The Causby case has a very different fact pattern than a corner crossing. The US was buzzing military aircraft at 80 feet above the landowner's property, killing his livestock etc. and rendering the land totally uninhabitable. It's a different situation from stepping from one piece of public land to another piece of public land.
I agree completely. This is just the precedent case cited by attorney's I have talked to on this issue that held airspace in some capacity is owned by the landowner. I actually believe this case leaves an opening for corner crossing with this language:
"there would be an intrusion so immediate and direct as to subtract from the owner's full enjoyment of the property and to limit his exploitation of it."
This leads to the question of whether or not stepping over a tiny corner of a landowner's property subtracts from the full enjoyment of it. My contention would be no. I think a landowner making that claim is objectively unreasonable. Inversely, I believe that the landowner is interferring with the public's full enjoyment of their airspace over the public land.
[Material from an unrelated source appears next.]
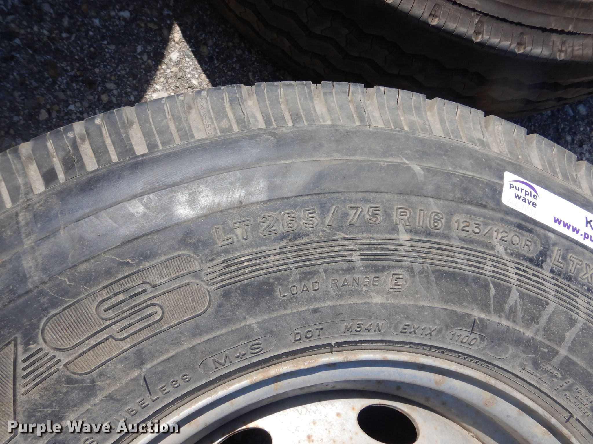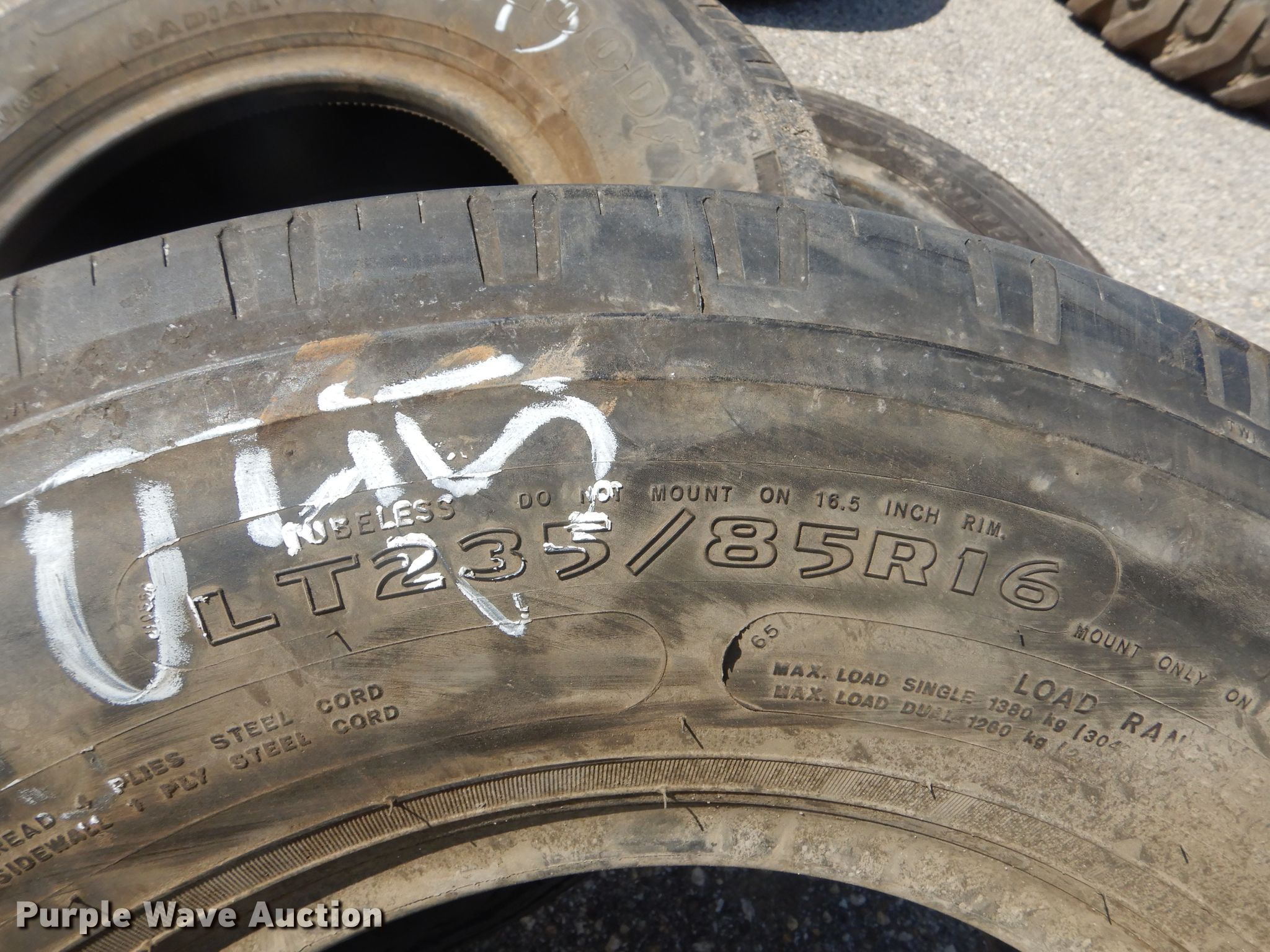 (5) Tires. 9.50-16.50LT, LT265/75R16, (2) LT235/85R16, 225/70R19.5. Cherokee County. 5074 Highway 3. Cherokee, IA 51012

I wouldn't count on this holding to be applied in a corner crossing case. The reasoning in the holding isn't particularly applicable to corner crossings.
I would bet the house that this case would be referenced in any arguments made by the landowner, should a corner crossing case go to appellate review. THEY will contend that it applies directly. However, I fully agree with you. Nobody crossing a corner is killing somebody's chickens, waking them up from sleep, or making their property "uninhabitable" as referenced in the Causby decision.
We are in agreement, ssssnake529. I think it is just the worry that this case would be applied badly to corner crossing that makes attorneys gun-shy about it. The truth is, as mentioned often in this thread, that it isn't settled. The safest bet is to not corner cross, as I mentioned before. Yet, it happens frequently in Montana, and has never been prosecuted that I have heard of. Maybe another member knows of a case, though.